As I write, this is the view from our clifftop lanai on Kauai's north shore:
"It's not small" is an understatement. The surf is solidly overhead, has been so since we arrived three days ago, and is not forecast to drop before we leave.

Sigh. As I mentioned,  we've been here three days. And I'm jonesing.

So this morning I surf-checked much of Hanalei Bay. I started at Waikoko on the west end, hoping the lefts would look good as surfing Hennemans has made me comfortable in sizeable reefbreak on my frontside. I had almost worked up the courage when I started to chat with a couple guys who'd also been watching for a while. They said they surfed there a lot and it wasn't one of the break's better days. Just then one of their friends passed by toting his SUP, seawater dripping from his graying locks. "Don't even think about it! he warned, repeating it thrice for emphasis. He told them he'd gotten worked trying to come in, then headed for his truck in the dirt lot on a narrow strip between beach and road.
"Are you going to go out?" I asked one of the guys. "I don't know..." he mused. "It's not exactly calling my name today." It certainly wasn't calling mine. 8'+ surf at an unfamiliar break on an unfamiliar surfboard; it didn't take much to erode my courage.

I headed back around the bay, not bothering to check Pinetrees which had looked a mess yesterday. From Hanalei pier, the rights breaking on the eastern reef looked just as big and mostly disorganized as the western lefts. Unlike Waikoko, I've surfed there before, but my backside is not as strong from lack of practice. San Diego has spoiled me with lefts.
Again dissuaded from digging deep for my inner hellwoman, I noted the waist- to occasionally chest-high waves breaking near the pier at Black Pot Beach. It was the province of the surf schools, but there were a handful of real surfers in the mix.

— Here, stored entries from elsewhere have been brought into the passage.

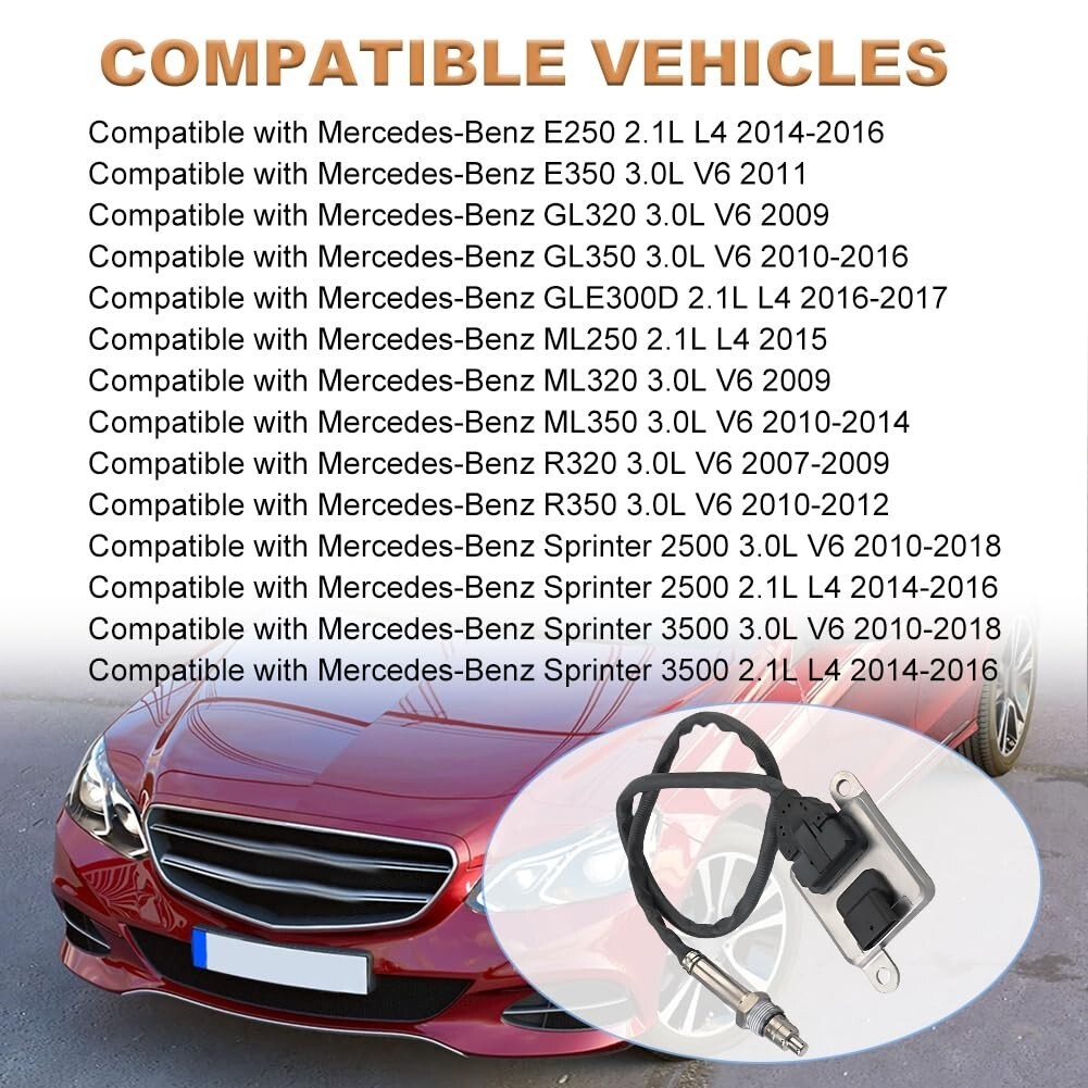 Nitrogen Oxide Sensor Outlet Fits: Compatible with Mercedes-Benz E250 2.1L L4 2014-2016, E350 3.0L V6 2011, GL320/ML320 3.0L V6 2009, GL350 3.0L V6 2010-2016, GLE300D 2.1L L4 2016-2017, ML250 2.1L L4 2015, ML350 3.0L V6 2010-2014, ML350 3.0L V6 2010-2014, R320 3.0L V6 2007-2009, R350 3.0L V6 2010-2012, Sprinter 2500/3500 3.0L V6 2010-2018, Sprinter 2500/3500 2.1L L4 2014-2016
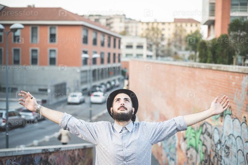 Молодой мужчина-хипстер в городе
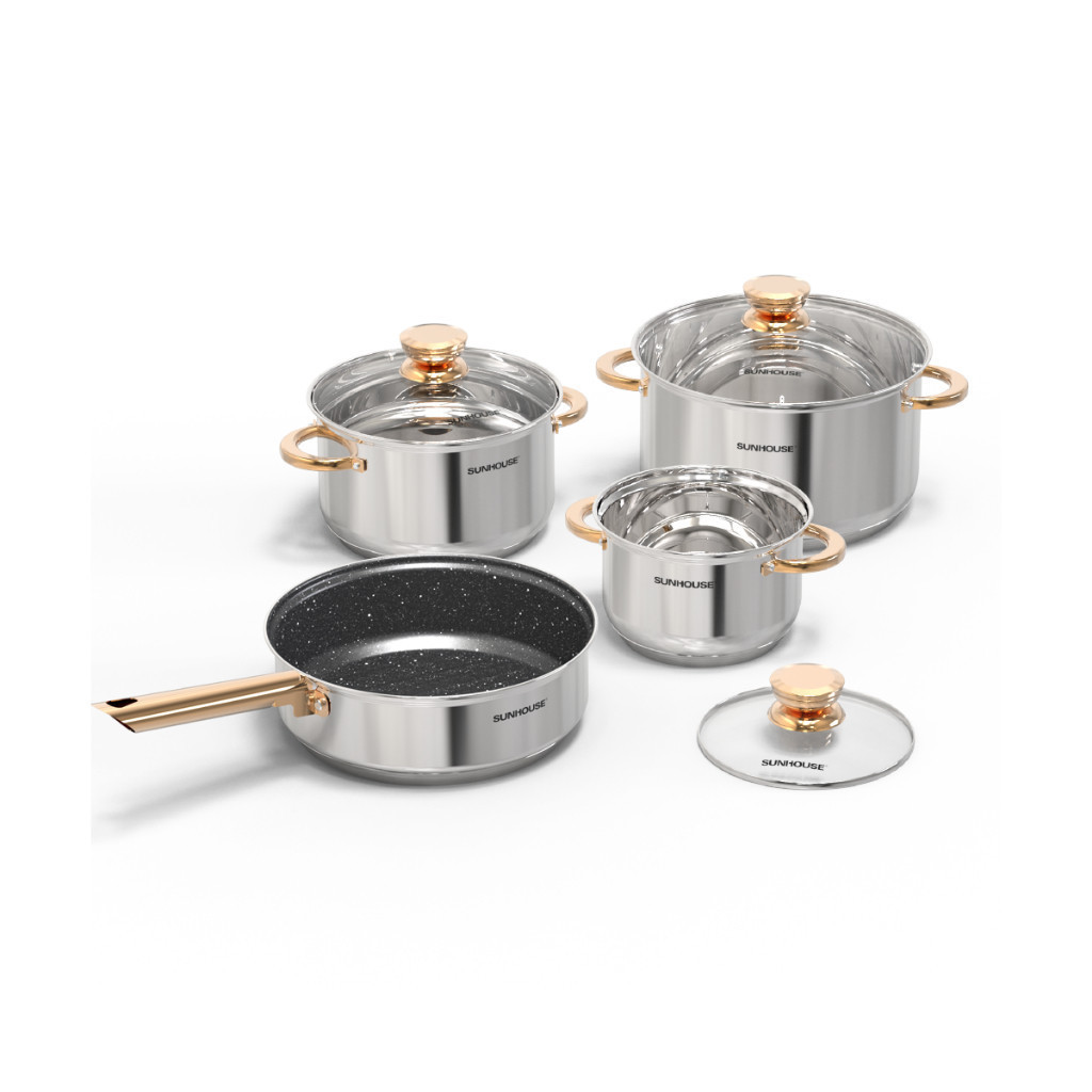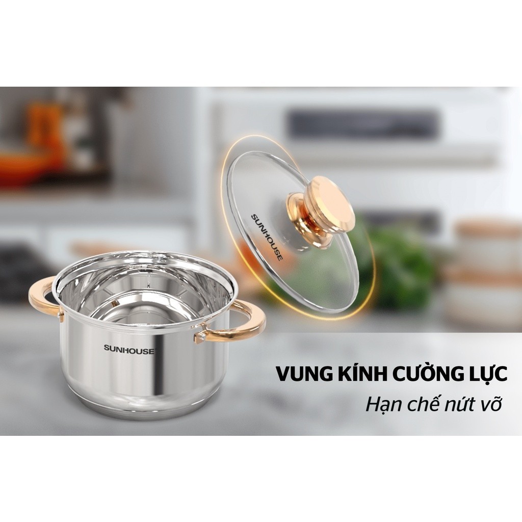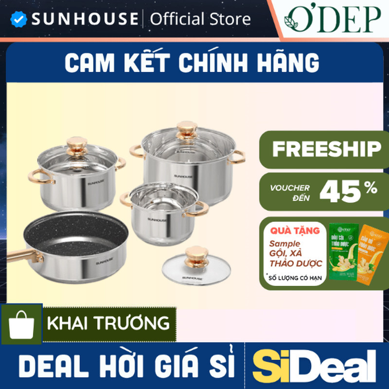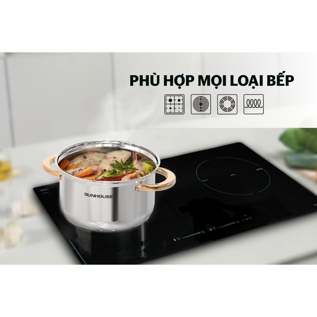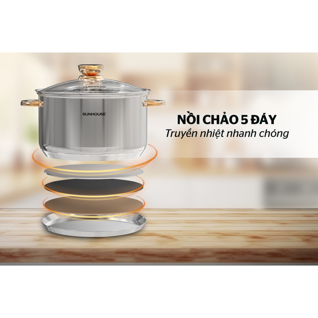 Bộ nồi kèm chảo inox 5 đáy Sunhouse SHG789 - Dùng mọi loại bếp, đáy từ - SIDEAL SIO
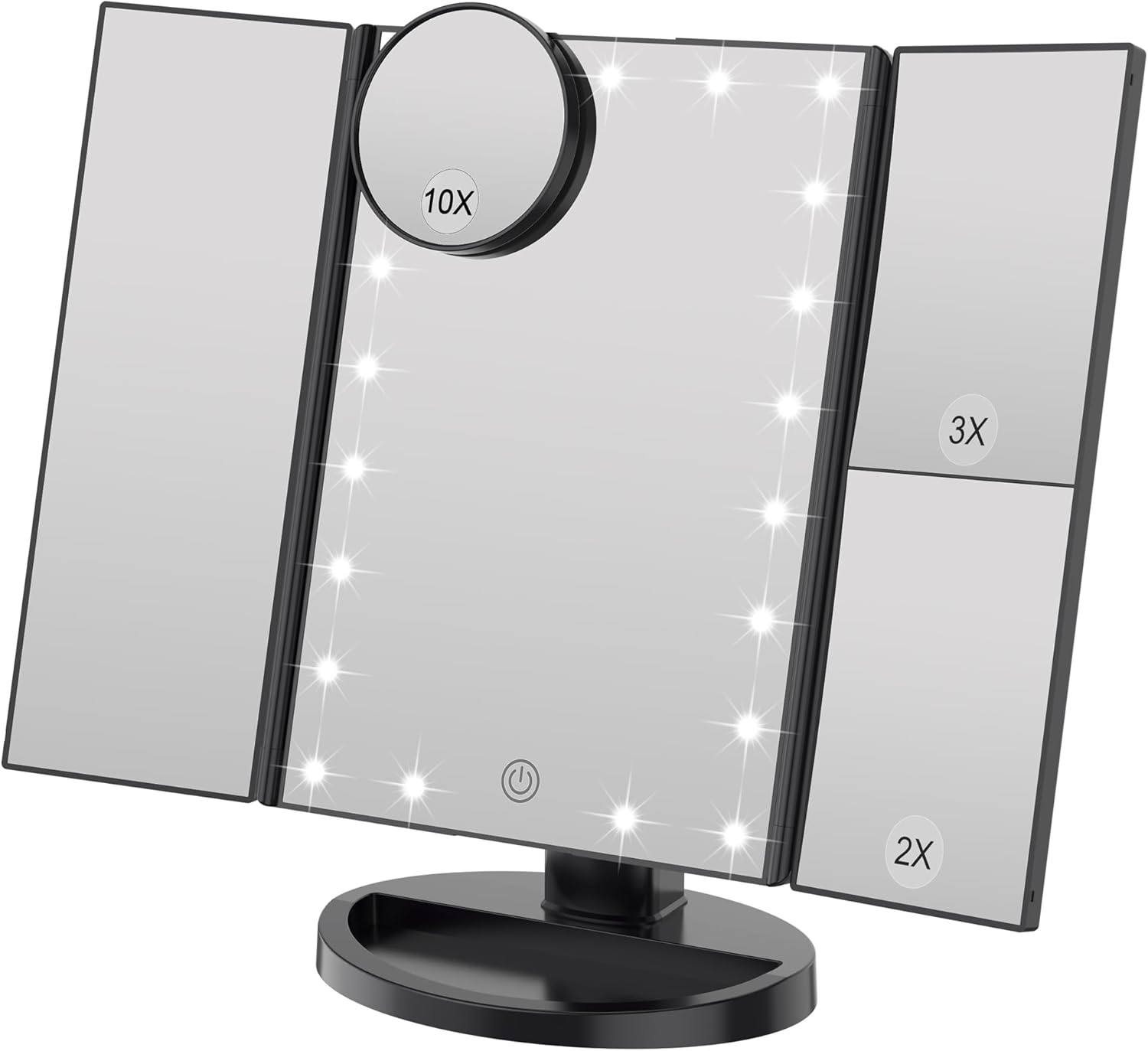• Klassisches dreifach gefaltetes Kosmetikspiegel-Design, 180-Grad-Drehung, vollständig an jede Position anpassbar, bietet Ihnen einen komfortablen Betrachtungswinkel.
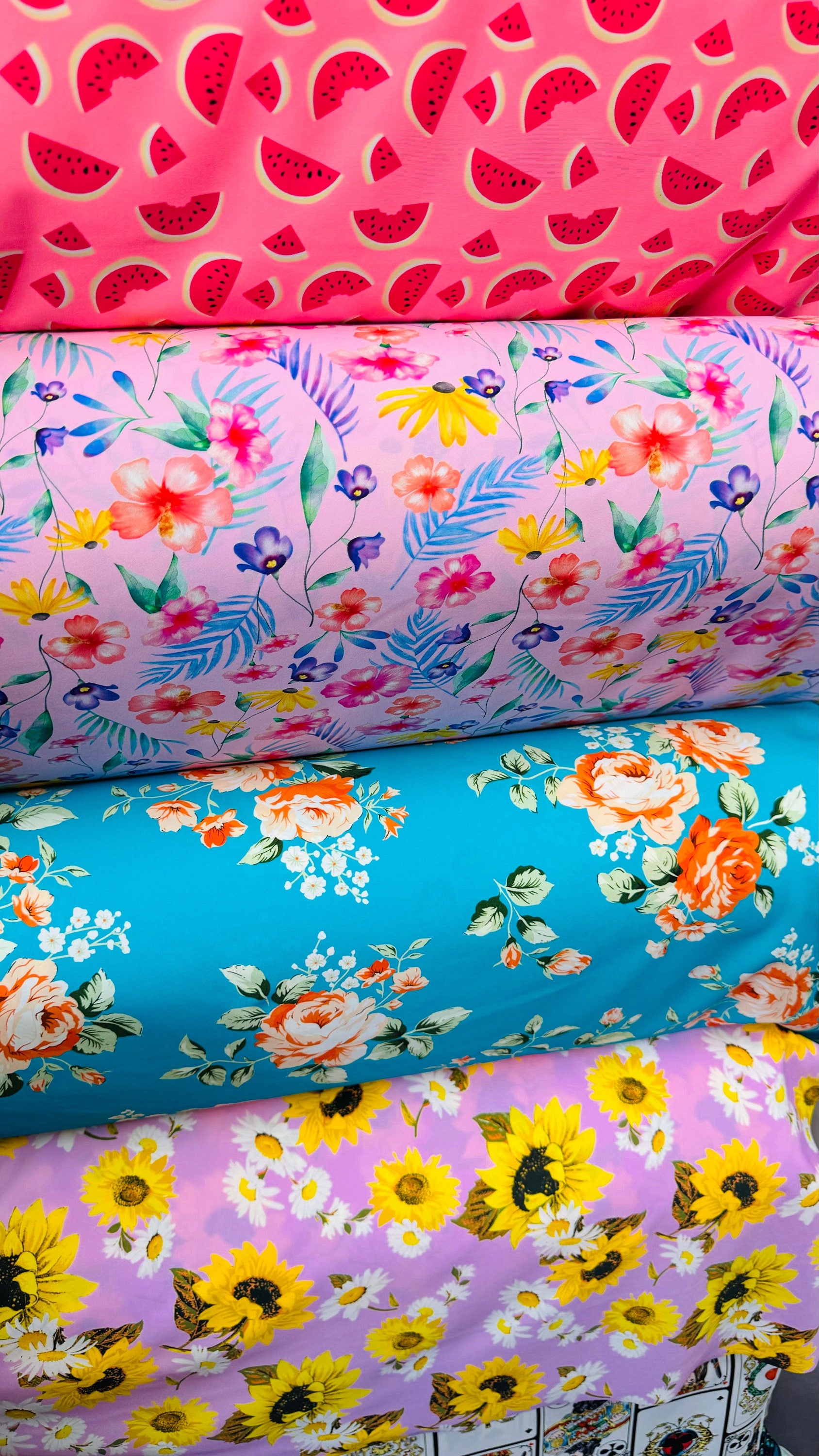 New various designs print on great quality of nylon spandex 4-way stretch 58/60” Sold by the YD. Ships worldwide from Los Angeles California USA. High quality fabrics by AlexLAFabrics
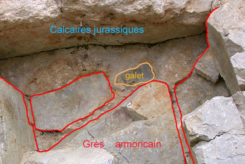 Les calcaires jurassiques comblent les anfractuosités crées par l’érosion des bancs de Grès armoricain subverticaux. La surface post-varisque présente des courbes adoucies qui témoignent d’une érosion chimique, par dissolution.
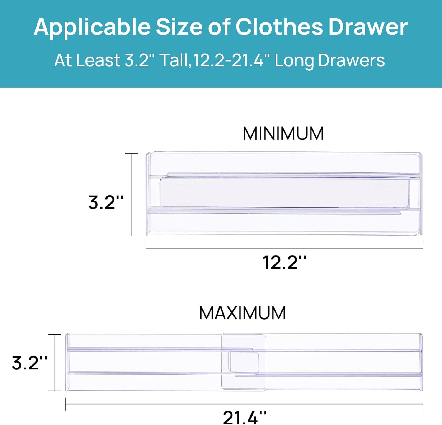 Apply for Drawer size bigger than 12.2L*12.2W*3.2H—-Both sides of the divider can be expanded outward, expandable from 12.2'' to 21.4', 3.2'' High. Please measure your drawer size before placing an order. The drawer dividers will help you organize your items and keep your drawers neat at all times.
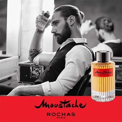 Rochas Moustache pro muže je novou verzí první pánské vůně Moustache z roku 1949. Je zaměřena na smysly. Modernizuje obraz vůně a představuje více trendy, výraznější a působivější image dnešního muže. Vůně Moustache je orientální a dřevitá. Otevírá se svěží mandarinkou a zrnky růžového pepře, které dokonale kontrastují s ingrediencemi obsaženými ve středních nótách – smyslnou růží a cedrovým dřevem. Nikdy jí nebudete mít dost, i když nenosíte kníry. Vůni vytvořila parfémářka Nathalie Gracia-Cetto.
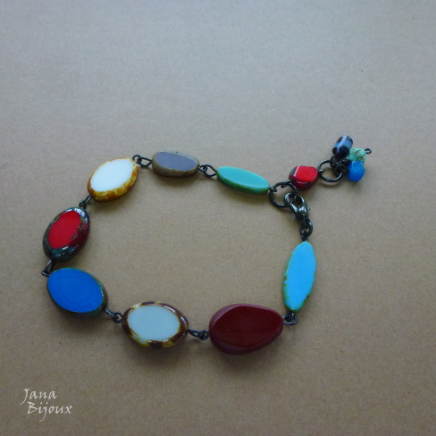 n45 24/01/2013VENDIDOS ( Prodáno)Jana Bijoux Pulseira. Náramek ze skla. Vyroben na dvě možné varianty délky, jedna 18,5 a druhá možnost 20,5 cm. Je na kovodílech s povrchovou úpravou černého zinku.
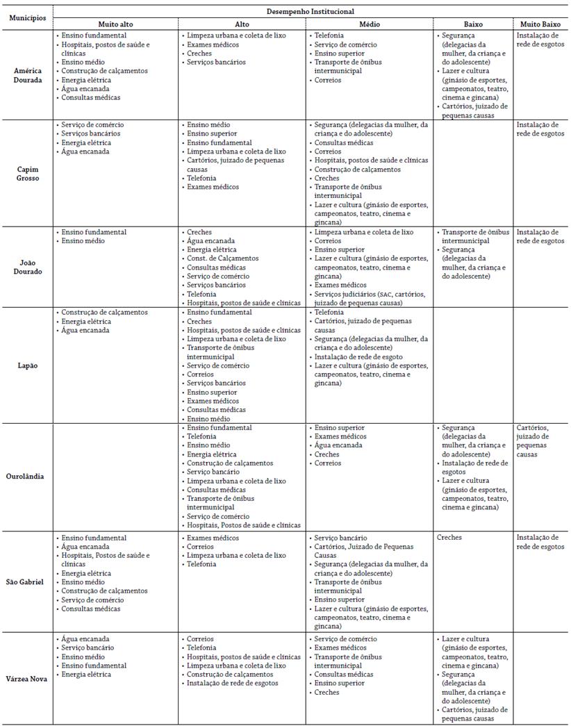 A partir das pontuações, foi construído um quadro tipológico síntese (Tabela 2) para cada município analisado no trabalho de campo, contendo o desempenho institucional de cada serviço, segundo as informações das lideranças locais. As pontuações apresentadas hierarquicamente foram classificadas qualitativamente, como desempenho institucional muito alto, alto, médio, baixo e muito baixo. Como pode ser visto no Tabela 2, o desempenho institucional variou conforme os tipos de serviços oferecidos. Entre os que obtiveram desempenho muito alto (América Dourada, Capim Grosso, São Gabriel), a oferta de ensino fundamental e médio, serviço de comércio, a construção de calçamentos e o oferecimento de água encanada se destacaram.
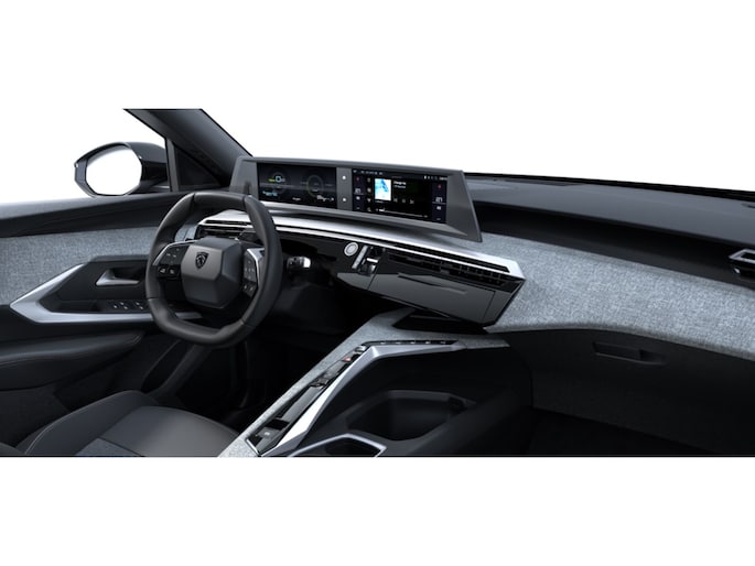 - PEUGEOT Panoramic i Cockpit® met zwevend dubbel HD scherm (2 x 10'') Stijlelementen (Middenconsole bekleed met gemêleerde stof RIMINI, glanzend zwart frontpaneel , strip in Stene Grey en armleuning bekleed met gemêleerde stof RIMINI, Portierbekleding in gemêleerde stof RIMINI, bergruimte in grafeen en strip in Stene Grey, kunstleder armsteunen voorin afgewerkt met stiksel, Zacht dashboard bekleed met gemêleerde stof RIMINI en open bergruimte in grafeen , glanzend zwart voorpaneel en ventilatieopeningen met decoratie in Stene Grey)
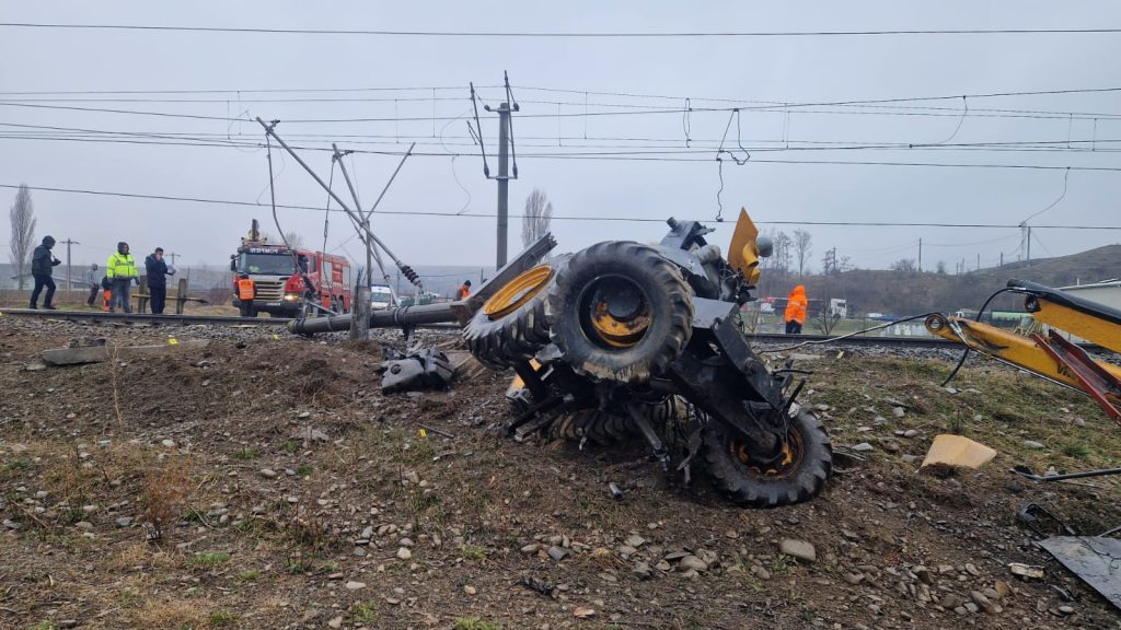‘Compania Naţională de Căi Ferate CFR SA informează că în această dimineaţă, în jurul orei 09:50, ca urmare a neasigurării unui conducător auto la o trecere la nivel cu calea ferată, situată între staţiile Urecheşti şi Căiuţi, s-a produs lovirea unui excavator de către trenul IR 1541, pe firul I, la km 21+669. Trenul IR 1541, care circulă în relaţia Iaşi – Braşov, este oprit la locul accidentului rutier până la finalizarea cercetărilor desfăşurate de către organele abilitate, dar şi intervenţiilor pentru remedierea deranjamentelor la elementele infrastructurii feroviare – stâlp LC avariat, fir de contact rupt’, se arată într-un comunicat al CFRA SA.
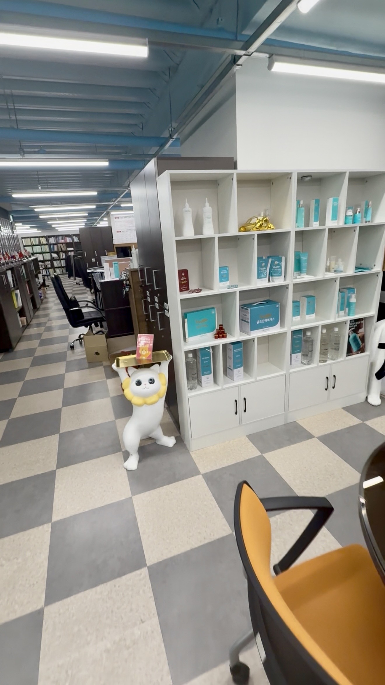 本社の一角には、The Zoeun Skinのラインナップがずらりと並んだ展示棚があります。

I am not too proud to acknowledge my limits.

In town, I searched the surf shop racks again for a suitable rental board. One shop had a Firewire Spitfire, but it was 6'8" and quad-finned. Across the street at Hanalei Surf Company, I found a Rusty surfboard that seemed as close to Rocket as I might hope to find, although two inches longer, a bit wider and thicker, and lacking a tail pad. The yum-yum yellow accents were only on top, where the Landlord thankfully wouldn't see them
Back at the pier, with time growing short before I had to get back for a yoga class, I scratched for near-shorebreak. A few drop-and-smashes bookended a decent left that sucked sand, turning the face beside me from blue to frothy tan before ending in the shallows. I take stoke where I can find it.